“We’re teaching for the wrong century.”
That’s the feeling of Esther Wojcicki, a pioneering teacher at Palo Alto high schools who built an award-winning high-school journalism department (she’s also active in edtech, serves as chief learning officer at Planet3, and is a journalist in her own right).
While this is not a new observation—it is a well-worn gripe that the 19th century industrial model of education is woefully outdated—Wojcicki, speaking today at Slush, a startup-focused conference in Helsinki, offered some concrete solutions, packaged in a new initiative called Moonshots. In sum:
“A moonshot classroom is a fundamental shift to give students more autonomy and agency in the classroom and to empower greater ownership of their learning outcomes. While teachers still play an integral role, its core function has evolved from ‘sage on the stage’ to ‘master coach’ of each student’s development.”

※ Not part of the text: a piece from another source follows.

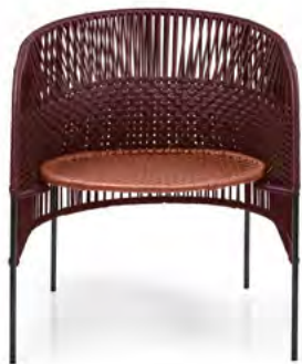
black red/copper/black 01ACALC-N
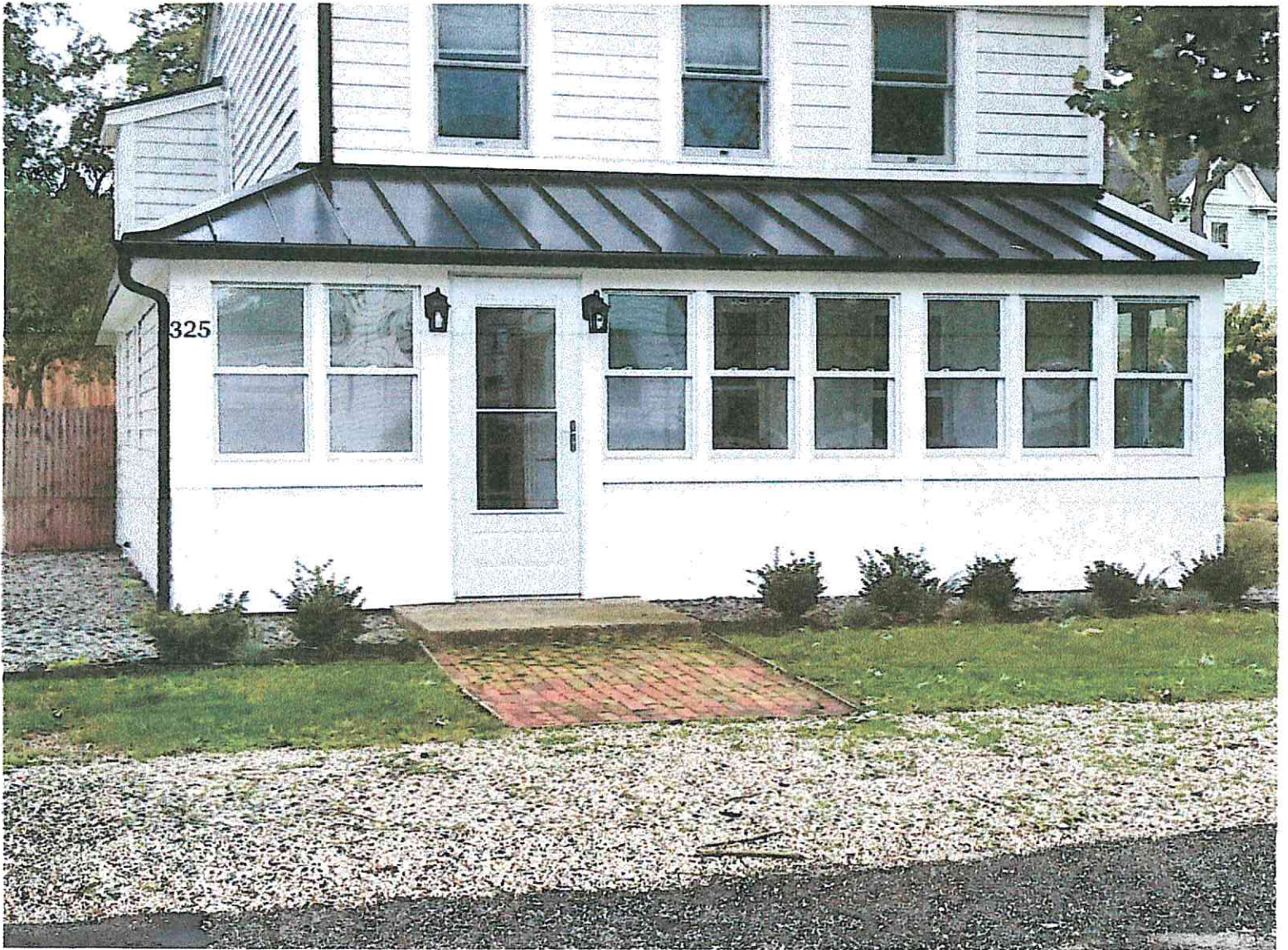
SAMPLE of PORCH ROOF

The key, she says, is giving kids a say in their work, and trusting them. Teachers have acronyms for everything: hers is TRICK (trust, respect, independence, collaboration, and kindness). Treat children like this and “they’ll do anything,” she said on stage during a debate dubbed, “If we started from scratch what would schools look like?”

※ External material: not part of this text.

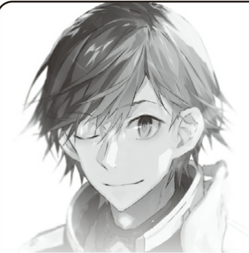
Kept the party together. Was a good guy. (Past tense)

While this may sound obvious, a lot of classrooms are not run this way. Teachers run the show, tests dominate the subject material, and kids are meant to be subjects, not agents, of their learning. She argues that it doesn’t have to be this way. ”Think about it in the workplace,” she said. “You work harder when you’re trusted and respected. Why not do that for kids in the classroom?”
She suggests that teachers should set aside 20% of their time do some sort of project-based, student-led learning. Put another way: let students be in charge 20% of the time, or the equivalent of one day during the school week. “Give the kids a voice,” she said.
Project-based learning is a buzzy and much-debated idea in education. Proponents say it better reflects how we work, integrates important skills like collaboration and creativity, and posits that with choice comes passion, and passion begets performance. Critics say kids need more direction, and project-based learning can exacerbate achievement gaps.
Wojcicki’s movement, Moonshots in Education (related to a 2015 book she co-authored), is inspired by John F. Kennedy’s famous 1962 quote about getting to the moon: “We choose to go to the moon in this decade and do the other things, not because they are easy, but because they are hard.” The equivalent in the classroom, Wojcicki believes, would value real-life work, leverage technology, promote student agency, and focus on mastery (rather than grades or tests) to stoke passion in subject material.
If it sounds airy, and too good to be true, consider that Wojcicki’s proposal is based on her 34 years of experience creating a high-school journalism program that has won more writing awards than most newspapers. What’s good for students is also good for teachers, she argues. People become teachers because they want to make a difference, but “get burned out because there are so many rules that are interfering with making a difference.”